■ **RECORDS SUPPLIED**:
⟨

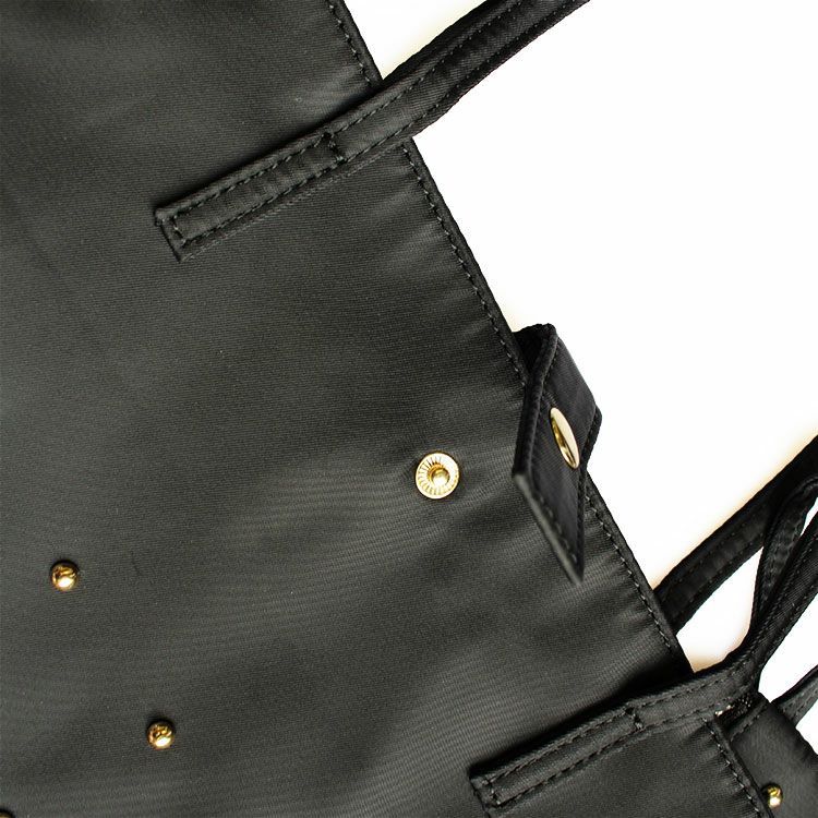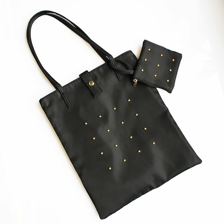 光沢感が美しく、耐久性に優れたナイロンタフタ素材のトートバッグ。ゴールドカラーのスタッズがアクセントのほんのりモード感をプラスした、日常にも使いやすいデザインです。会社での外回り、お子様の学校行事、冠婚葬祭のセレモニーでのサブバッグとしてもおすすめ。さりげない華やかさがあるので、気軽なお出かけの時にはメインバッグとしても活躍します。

⟩
⟨

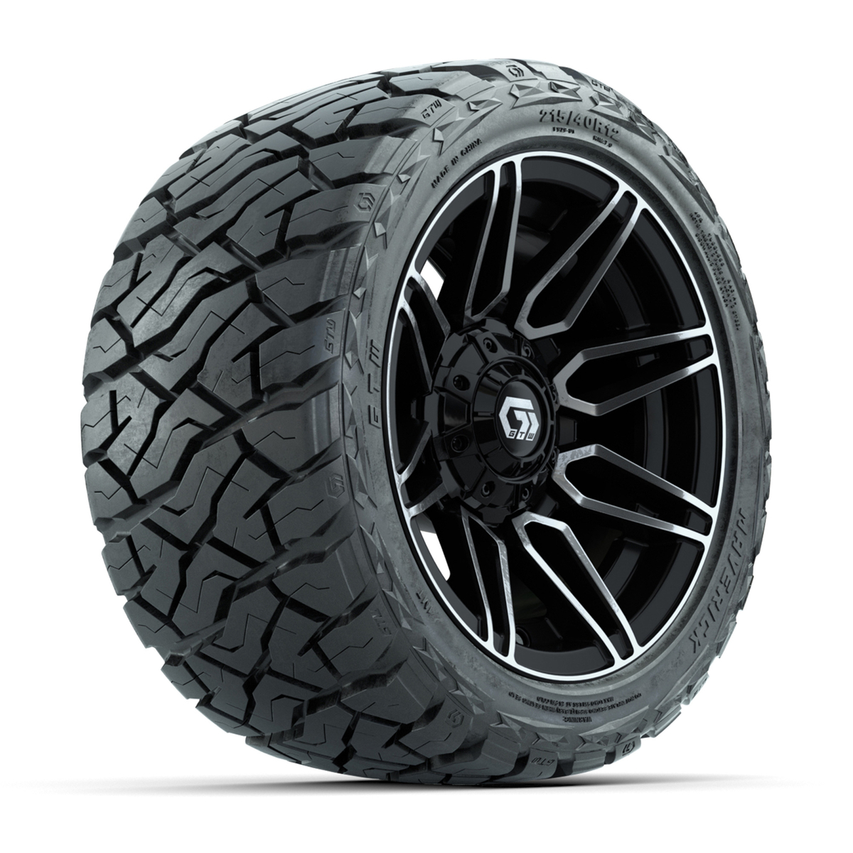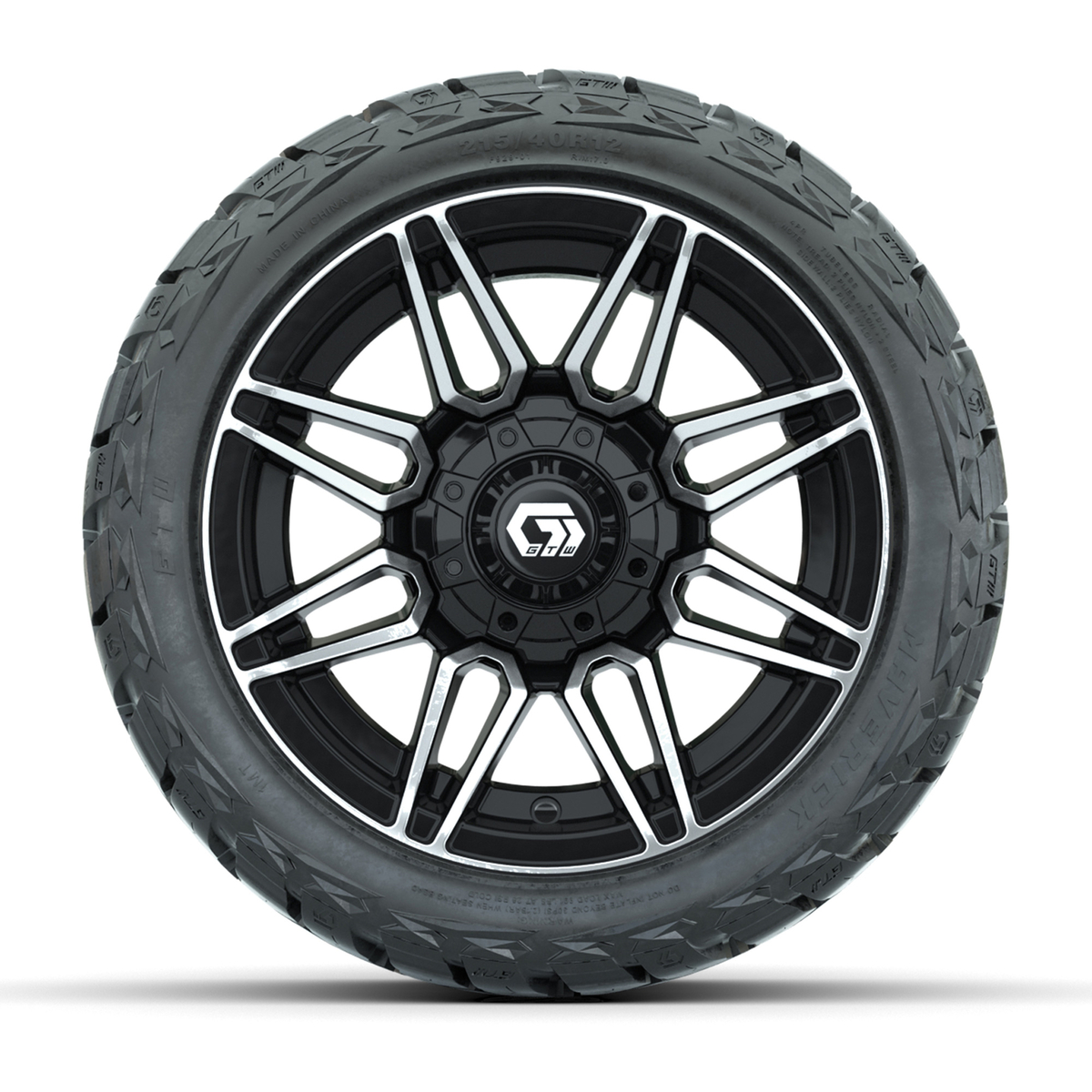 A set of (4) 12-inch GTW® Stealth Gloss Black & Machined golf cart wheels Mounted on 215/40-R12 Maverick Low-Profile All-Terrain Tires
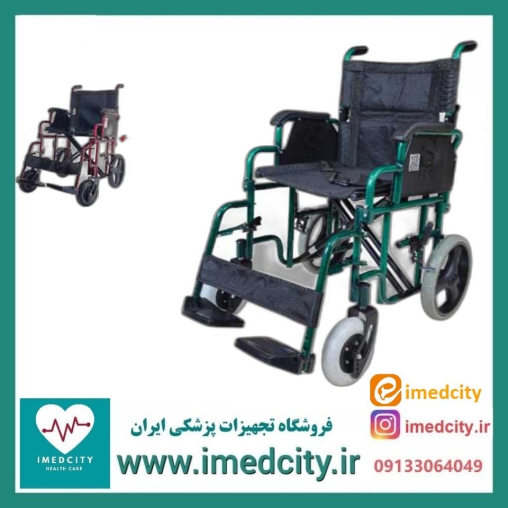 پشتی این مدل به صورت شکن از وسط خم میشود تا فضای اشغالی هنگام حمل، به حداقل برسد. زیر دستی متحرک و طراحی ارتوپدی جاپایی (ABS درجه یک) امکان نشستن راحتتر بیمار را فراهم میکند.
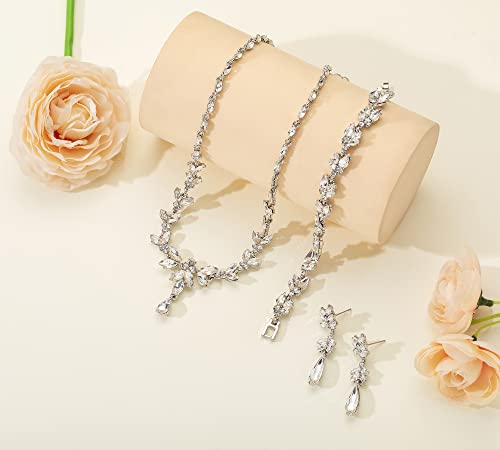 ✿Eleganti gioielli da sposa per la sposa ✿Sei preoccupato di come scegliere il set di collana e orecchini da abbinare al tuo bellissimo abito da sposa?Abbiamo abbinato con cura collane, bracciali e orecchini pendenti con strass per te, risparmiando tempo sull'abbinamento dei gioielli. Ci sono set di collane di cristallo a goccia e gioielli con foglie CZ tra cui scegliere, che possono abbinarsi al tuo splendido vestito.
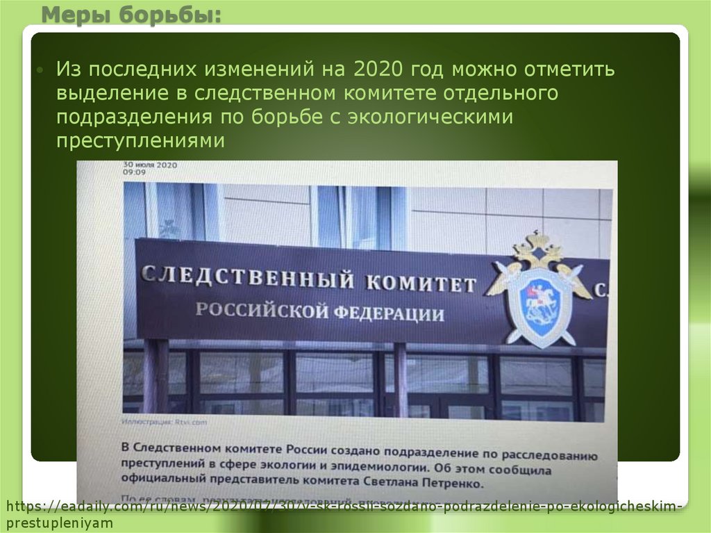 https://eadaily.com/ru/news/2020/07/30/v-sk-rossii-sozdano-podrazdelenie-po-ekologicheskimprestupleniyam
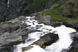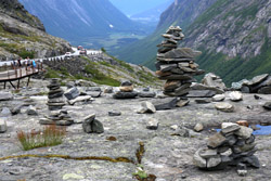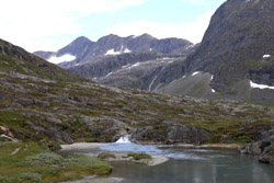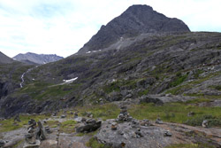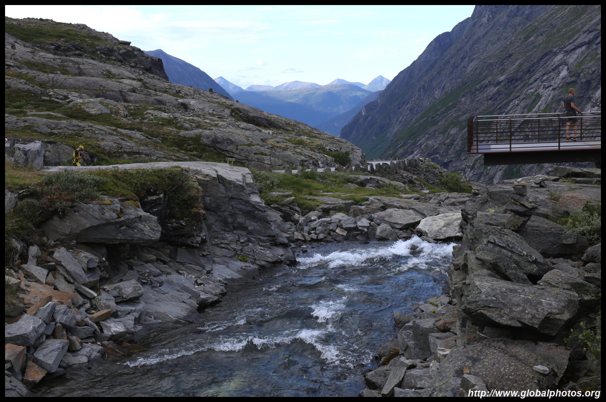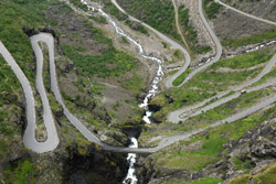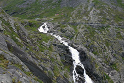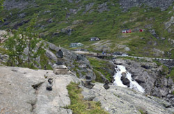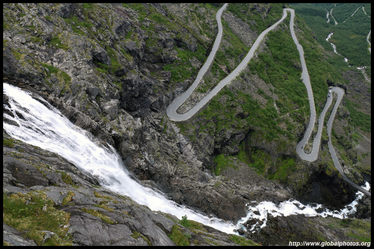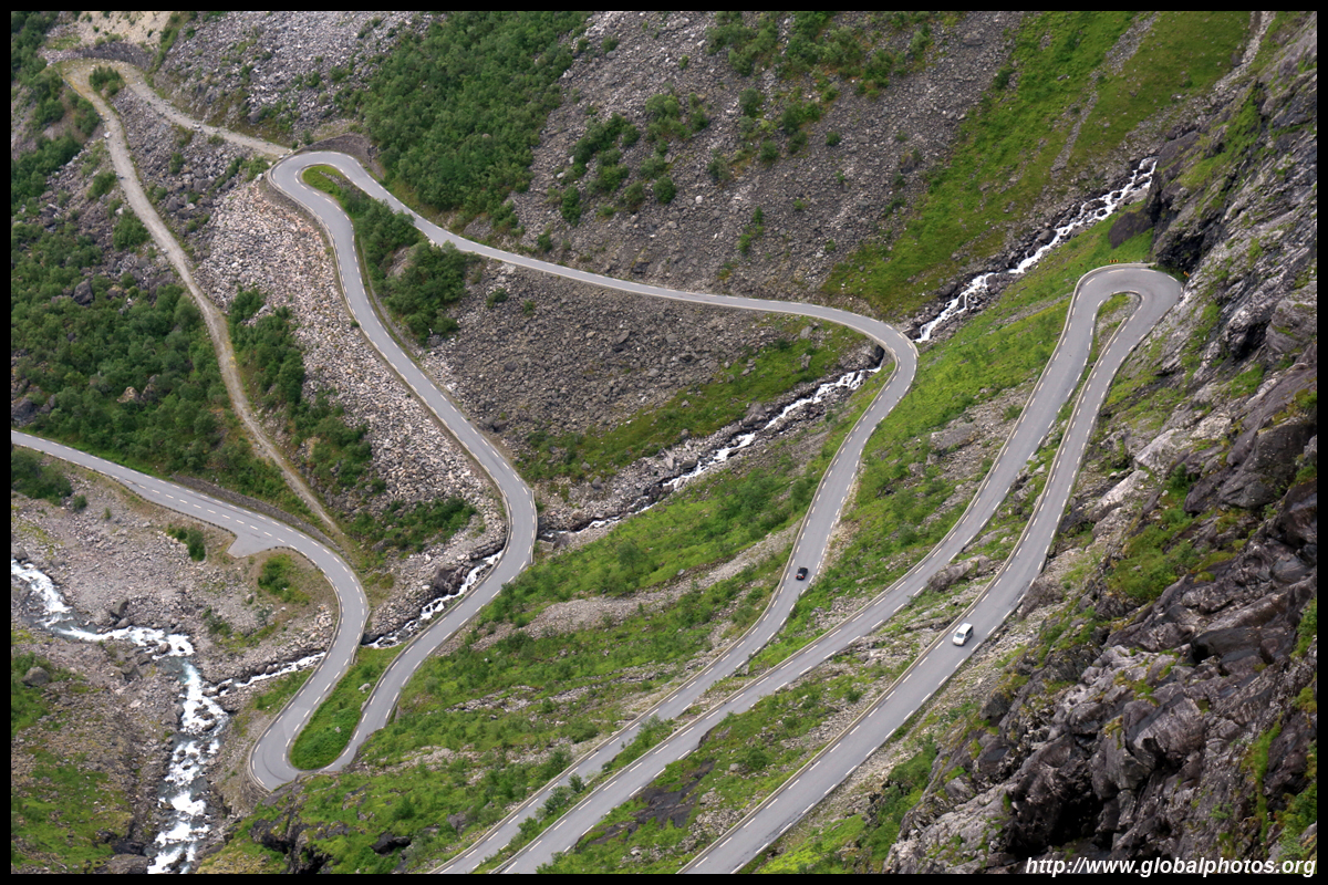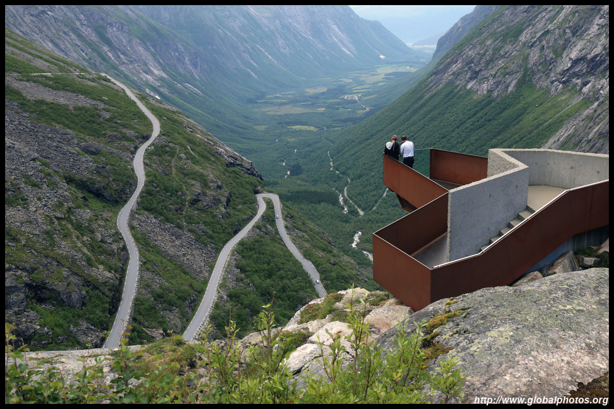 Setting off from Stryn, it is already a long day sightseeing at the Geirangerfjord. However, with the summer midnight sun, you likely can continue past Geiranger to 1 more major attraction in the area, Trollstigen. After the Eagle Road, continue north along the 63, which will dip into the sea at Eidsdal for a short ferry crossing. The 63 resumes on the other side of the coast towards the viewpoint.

⟩
⟨

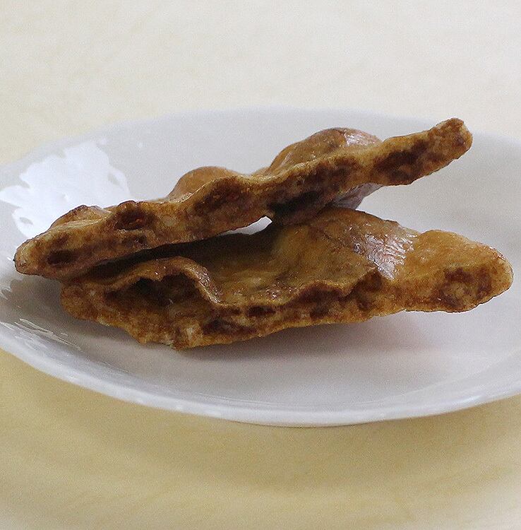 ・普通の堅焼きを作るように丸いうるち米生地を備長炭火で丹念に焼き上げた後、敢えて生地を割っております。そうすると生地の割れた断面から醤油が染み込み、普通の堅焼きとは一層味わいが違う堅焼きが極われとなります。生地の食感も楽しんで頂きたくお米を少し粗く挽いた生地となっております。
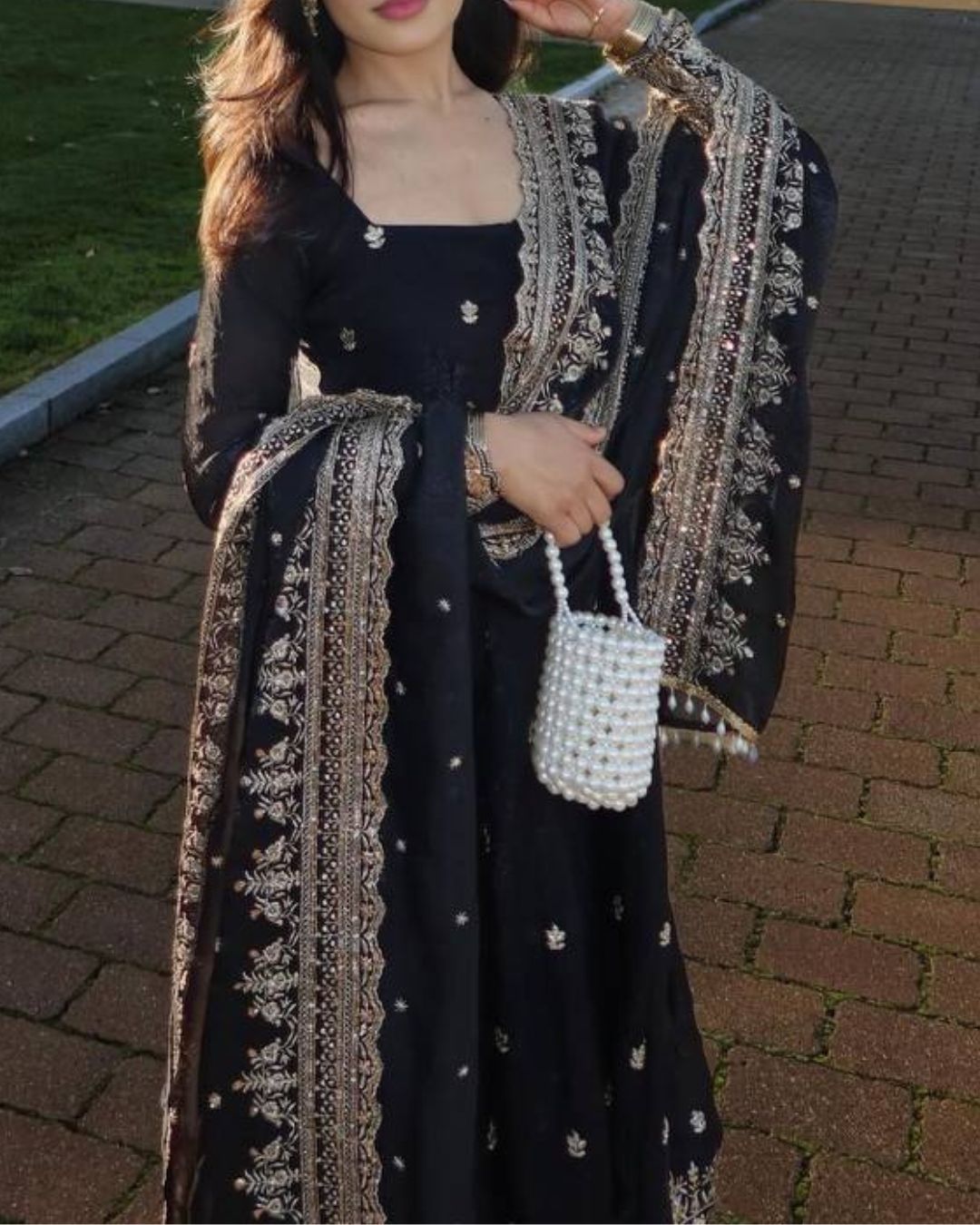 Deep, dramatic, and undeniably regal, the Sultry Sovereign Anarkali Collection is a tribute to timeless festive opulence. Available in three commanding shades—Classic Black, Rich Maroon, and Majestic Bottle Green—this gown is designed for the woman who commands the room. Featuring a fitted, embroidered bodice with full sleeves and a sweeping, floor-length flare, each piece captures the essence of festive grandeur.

⟩

An exact copy of the lines above from the one with "A set of (4)" up to and including the one with "Setting off from" is required; reproduce only those lines, omitting all pictures.

 A set of (4) 12-inch GTW® Stealth Gloss Black & Machined golf cart wheels Mounted on 215/40-R12 Maverick Low-Profile All-Terrain Tires
 پشتی این مدل به صورت شکن از وسط خم میشود تا فضای اشغالی هنگام حمل، به حداقل برسد. زیر دستی متحرک و طراحی ارتوپدی جاپایی (ABS درجه یک) امکان نشستن راحتتر بیمار را فراهم میکند.
 ✿Eleganti gioielli da sposa per la sposa ✿Sei preoccupato di come scegliere il set di collana e orecchini da abbinare al tuo bellissimo abito da sposa?Abbiamo abbinato con cura collane, bracciali e orecchini pendenti con strass per te, risparmiando tempo sull'abbinamento dei gioielli. Ci sono set di collane di cristallo a goccia e gioielli con foglie CZ tra cui scegliere, che possono abbinarsi al tuo splendido vestito.
 https://eadaily.com/ru/news/2020/07/30/v-sk-rossii-sozdano-podrazdelenie-po-ekologicheskimprestupleniyam
 Setting off from Stryn, it is already a long day sightseeing at the Geirangerfjord. However, with the summer midnight sun, you likely can continue past Geiranger to 1 more major attraction in the area, Trollstigen. After the Eagle Road, continue north along the 63, which will dip into the sea at Eidsdal for a short ferry crossing. The 63 resumes on the other side of the coast towards the viewpoint.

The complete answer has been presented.